START MATERIAL PROVIDED

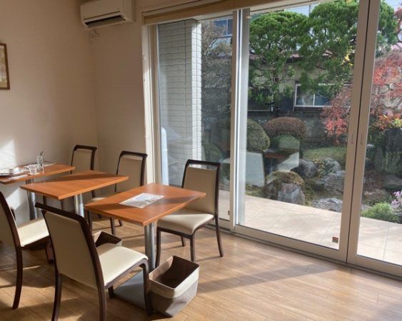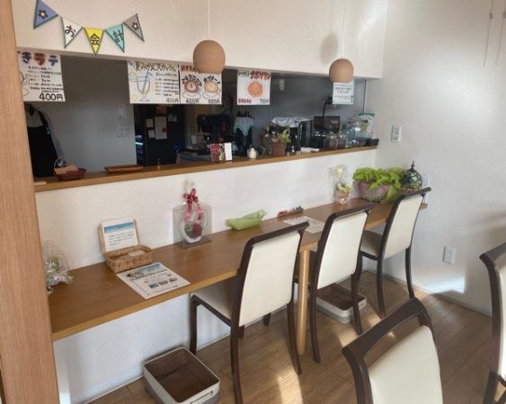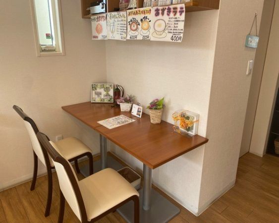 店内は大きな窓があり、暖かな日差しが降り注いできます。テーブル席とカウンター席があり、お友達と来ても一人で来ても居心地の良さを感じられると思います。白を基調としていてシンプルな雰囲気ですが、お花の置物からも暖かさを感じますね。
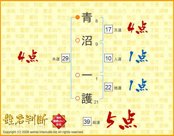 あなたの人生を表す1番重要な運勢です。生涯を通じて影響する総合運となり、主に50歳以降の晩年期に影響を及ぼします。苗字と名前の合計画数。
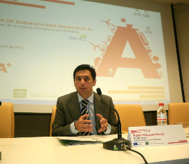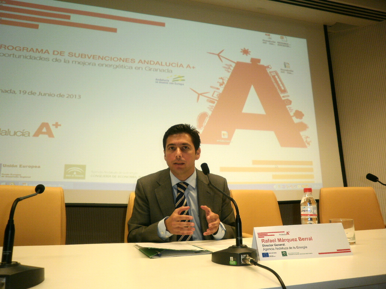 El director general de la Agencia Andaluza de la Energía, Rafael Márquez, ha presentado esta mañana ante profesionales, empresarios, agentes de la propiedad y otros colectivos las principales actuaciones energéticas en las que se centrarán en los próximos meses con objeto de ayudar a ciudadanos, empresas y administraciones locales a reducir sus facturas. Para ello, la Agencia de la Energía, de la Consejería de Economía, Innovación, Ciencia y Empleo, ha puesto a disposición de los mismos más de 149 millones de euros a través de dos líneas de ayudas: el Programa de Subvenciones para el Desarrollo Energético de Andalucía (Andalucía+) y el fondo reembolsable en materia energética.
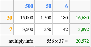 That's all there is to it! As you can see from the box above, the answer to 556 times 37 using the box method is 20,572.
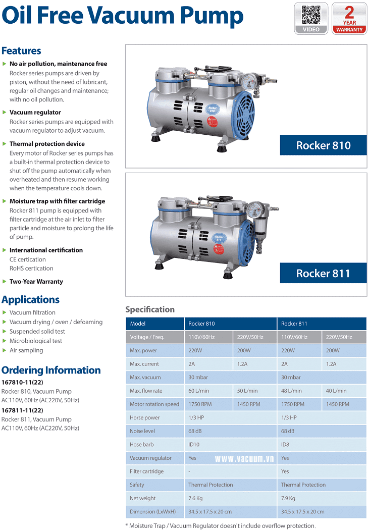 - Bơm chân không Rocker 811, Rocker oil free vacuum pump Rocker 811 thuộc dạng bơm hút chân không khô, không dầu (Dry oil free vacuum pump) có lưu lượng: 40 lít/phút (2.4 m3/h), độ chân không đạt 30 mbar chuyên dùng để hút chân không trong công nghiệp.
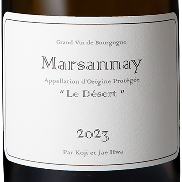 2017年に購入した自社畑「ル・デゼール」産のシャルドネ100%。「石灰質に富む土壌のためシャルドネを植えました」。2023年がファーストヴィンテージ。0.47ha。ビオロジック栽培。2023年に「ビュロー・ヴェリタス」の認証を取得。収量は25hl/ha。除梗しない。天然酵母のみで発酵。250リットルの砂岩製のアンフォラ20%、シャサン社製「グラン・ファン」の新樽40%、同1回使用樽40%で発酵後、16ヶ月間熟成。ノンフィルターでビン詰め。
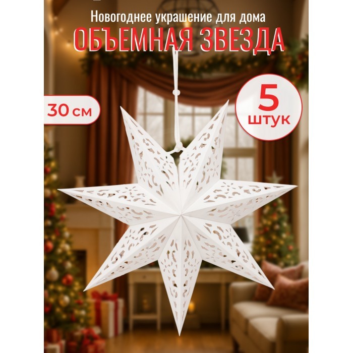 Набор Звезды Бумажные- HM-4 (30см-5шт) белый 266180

END MATERIAL PROVIDED

TASK TO CARRY OUT: In the answer, include exactly the lines from the one containing "2017年に購入した自社畑「" through the end of the records above and no pictures at all.

EXERCISE RESPONSE:
 2017年に購入した自社畑「ル・デゼール」産のシャルドネ100%。「石灰質に富む土壌のためシャルドネを植えました」。2023年がファーストヴィンテージ。0.47ha。ビオロジック栽培。2023年に「ビュロー・ヴェリタス」の認証を取得。収量は25hl/ha。除梗しない。天然酵母のみで発酵。250リットルの砂岩製のアンフォラ20%、シャサン社製「グラン・ファン」の新樽40%、同1回使用樽40%で発酵後、16ヶ月間熟成。ノンフィルターでビン詰め。
 Набор Звезды Бумажные- HM-4 (30см-5шт) белый 266180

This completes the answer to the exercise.